You're de-sensitized to it because you live there. You think it's normal, but to people in my neck of the woods, your city is a war zone. Sorry dude, but no argument you make is going to make me accept New Orleans as an acceptably safe place. A lot of the US is simply a 'no go zone' to Canadians.

I realize you don't relish being lumped in with other danger spots around the world, but denying that there is a problem is 90% the reason your city is in the mess its in. Telling yourself that everything is ok because it's 'those people' is almost more offensive than your shocking homicide rate. 

Your fellow citizens are being shot to death and you're brushing it off because you consider them expendable. Sound familiar? Bush did that to your city after Katrina. I hear the same arguments you made from Americans over and over again. It's appalling that Americans are so indifferent to each other.

You're more than twice as likely to be murdered in New Orleans than in the Gaza Strip.

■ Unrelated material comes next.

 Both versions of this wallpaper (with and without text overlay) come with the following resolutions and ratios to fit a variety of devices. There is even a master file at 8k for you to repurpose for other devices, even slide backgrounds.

I'd honestly feel safer in Gaza City. Their homicide rate is 30/100,000. Yours is 70/100,000. Now which one is the war zone? I forgot.


----------



## Xusein (Sep 27, 2005)

Mogadishu.


----------



## Xusein (Sep 27, 2005)

jarbury said:


> Yeah I think anywhere in Iraq, Afghanistan or Somalia would be too terrifying to actually consider visiting, even if someone paid. Most other cities have their good and bad bits....

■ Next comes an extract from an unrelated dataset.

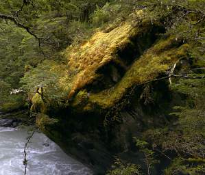 After a fair bit of uphill work, we came to a big waterfall-filled cirque with Rob Roy Glacier hanging over everything. About all we could see of the glacier itself was the terminus, but we got a great view of the waterfalls. We got narry a glimpse of Mt. Aspiring. Pooey! Some other time... I suspect it is pretty spectacular on the two days a year when the sun is shining ;-)!

I have heard that the northern parts of these countries, coincidentally, are quite safe.

I went to Hargeisa, which is in Northern Somalia (part of the republic of Somaliland), and it was incredibly safe. I felt much safer there than anywhere in the US, to be honest. Then again, I'm an Ethnic Somali...but generally, most of the country of Somalia isn't the hellhole percieved on television. 

Just Mogadishu and some other southern cities, which I wouldn't go even if I was paid either. 

For Iraq, I have heard that Kurdistan is safe.


----------